Their clothing, which they take every Sunday throughout the winner as they walk miles to and from church, is inadequate for long walks in cold temperatures. They remain at unheated stone church in that inadequate clothing throughout the long day, eating a skimpy, cold-packed lunch as they wait for second service. In addition, a long, cold walk home follows it.

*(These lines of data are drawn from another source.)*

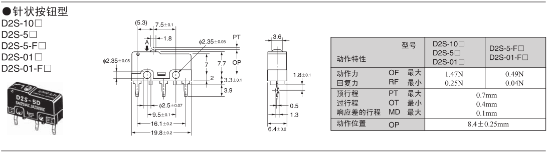 歐姆龍微動開關(guān), D2S-10,歐姆龍微動開關(guān)D2S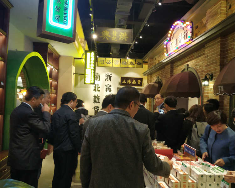 参观完连廊之后,代表们又来到A馆7楼,参观第一百货商业中心新近打造的“100里海派伴手礼体验店”,这是上海首家以海派文化为体验场景的伴手礼商店。
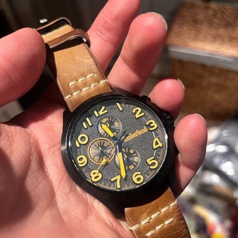 Myydään kerran pidetty 2 vuoden takuun omaava uusi miesten Timberland rannekello. Nahkaranneke, qvarts koneisto.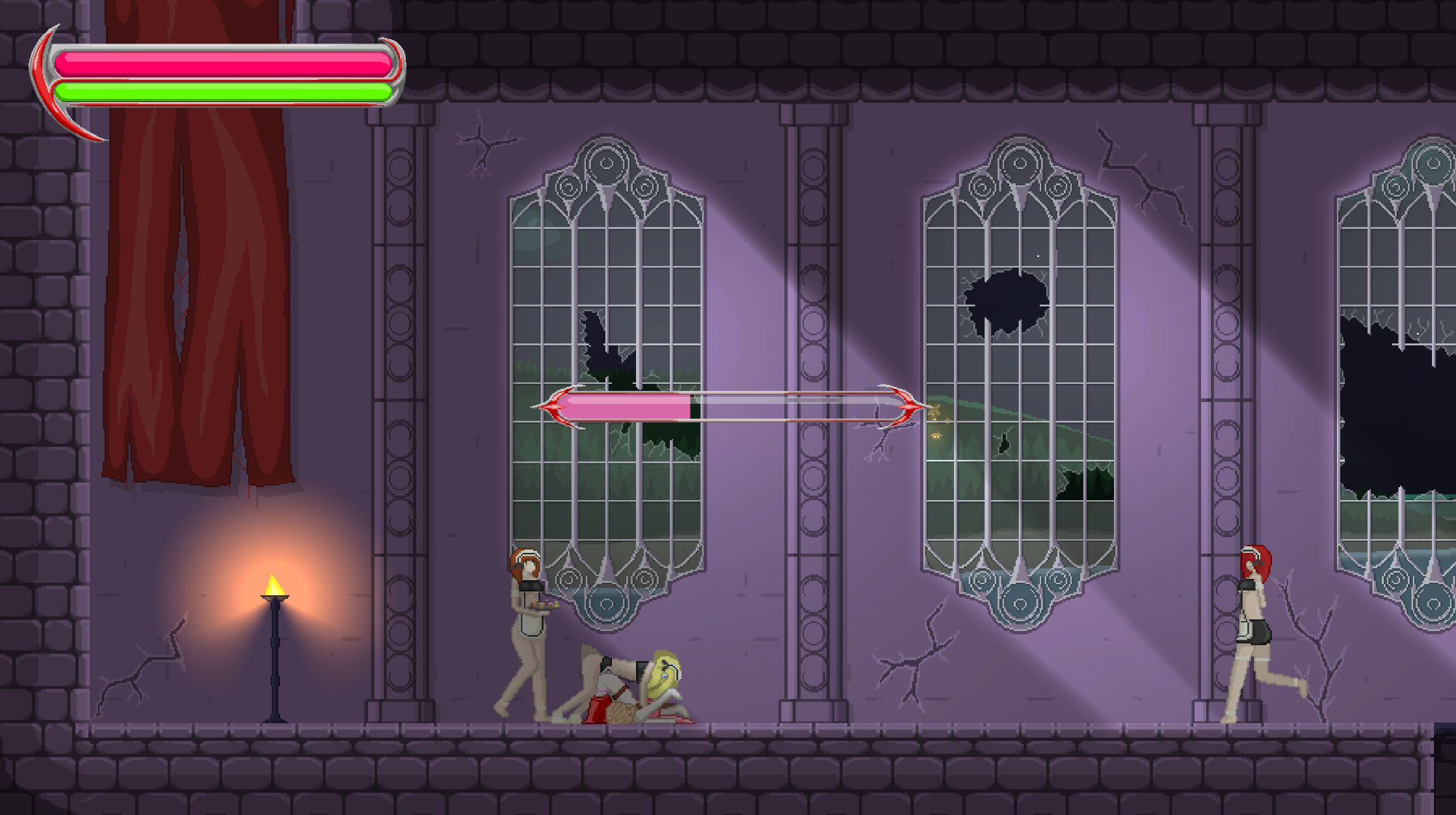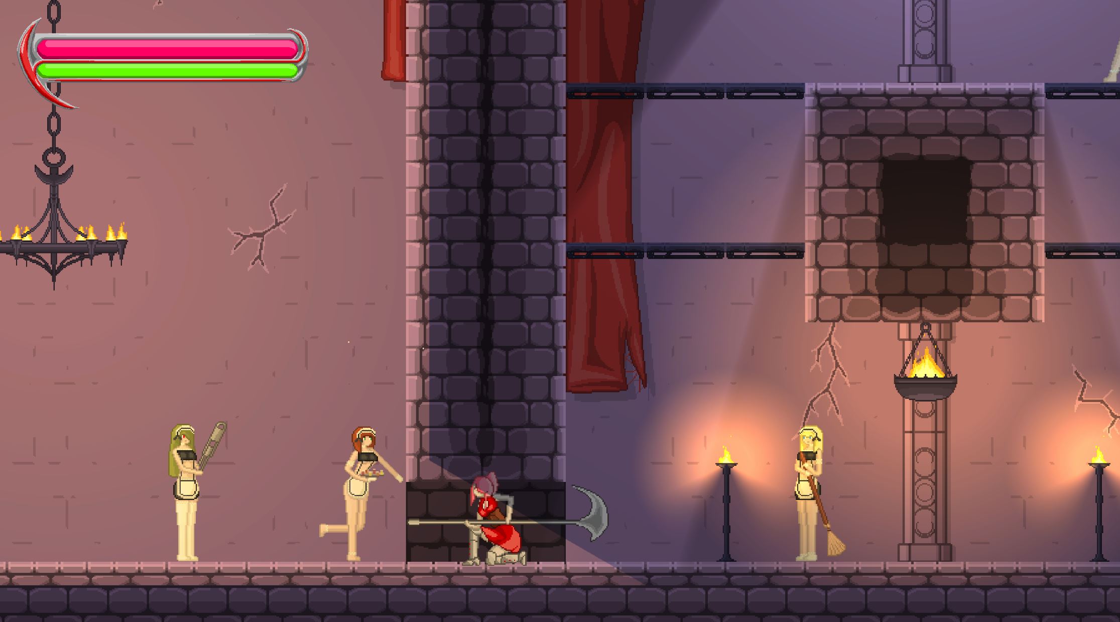 A 2D pixel-art Metroidvania with animated pixel H-scenes.
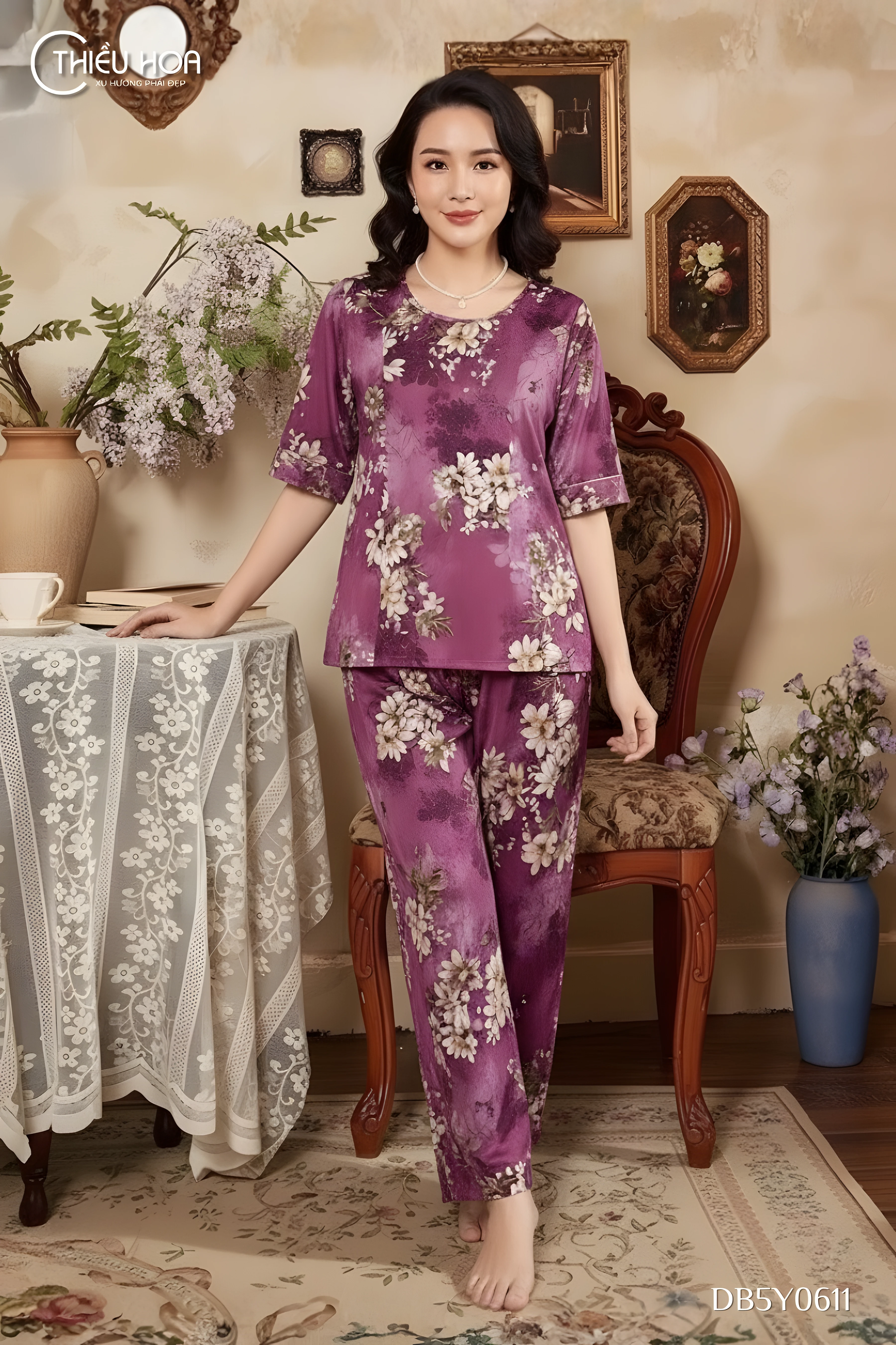 Mang đến nét đẹp thanh lịch và sự thư thái tuyệt đối, đồ bộ lụa DB5Y0611 chính là "chân ái" cho những ngày thời tiết nóng ẩm. Sở hữu chất lụa mềm mịn, nhẹ tênh cùng phom dáng suông rộng che khuyết điểm tinh tế, thiết kế này giúp quý cô luôn thoải mái, rạng rỡ và duyên dáng ngay cả khi ở nhà hay đi dạo nhẹ nhàng.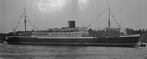 SS Scharnhorst was a Norddeutscher Lloyd ocean liner, launched in 1934, completed in 1935 and made her maiden voyage on 8 May 1935.[6] She was the first big passenger liner built by the Third Reich. Under the German merchant flag, she was the second liner named after General Gerhard J. D. von Scharnhorst. She was one of three ships on the Far Eastern route between Bremen and Yokohama; her sister ships were Potsdam and Gneisenau. These three ships were planned to shorten the journey time between Bremen and Shanghai from the usual 50 days to 34. She was trapped in Japan in September 1939 and later converted into an Imperial Japanese Navy aircraft carrier named Shin'yō in 1942 and sunk by the US submarine USS Spadefish in 1944.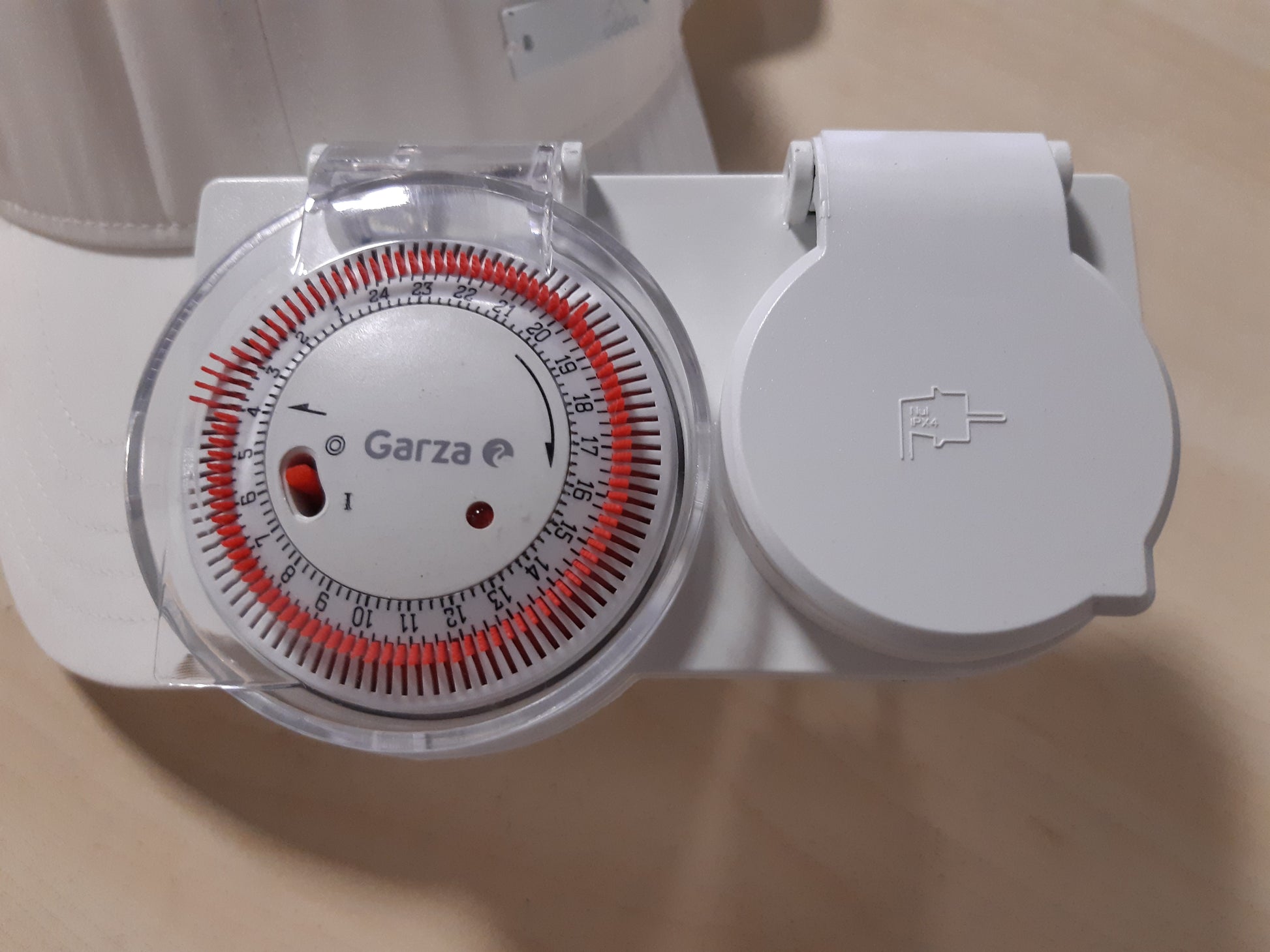 165209 - GARZA - Programues Analog i Jashtëm me Kohëmatës, Mbrojtje IP44, Spinë e Programueshme 24 Orë, Nga Materiali i Bardhë

Punishments for infractions of the rules at Lowood are cruel, both physically and psychologically. When Jane doesn’t agree that she is the deceitful and morally corrupt girl Mrs. Reed makes her out to be, Mr. Brocklehurst threatens her with the full exposure of what he has been told are her misdeeds, and warns other girls to avoid Jane’s company, exclude her from their sports, and shut her out from their converse. In addition, he also asks teachers to keep eyes on her movements, all of which are called to“punish her body to save her souls”4. What’s the worst is that he even let Jane stand half an hour longer on the stool and let no one speak to her during the remainder of the day. It’s hurt Jane who is just a little girl. Most teachers in charitable boarding schools like Lowood are excessively harsh. Just as Miss Scatcherd, they often try to change girls’ behaviors which they disapprove by means of physical punishment (beaten girls with birch branches) and shame (pinning signs on girls for carelessness, making them stand on stools for all to see their shame, etc.). For instance, when Helen Burns’ fingernails are dirty because of the water in the basin in the dormitory that morning was frozen, Miss Scatcherd refuses to hear the explanation. The fact of unclean fingernails is all she needs or wants to know before giving punishment. She is the epitome of the bad teacher in most schools. There are still good teachers as Miss Temple, but just a little percentage.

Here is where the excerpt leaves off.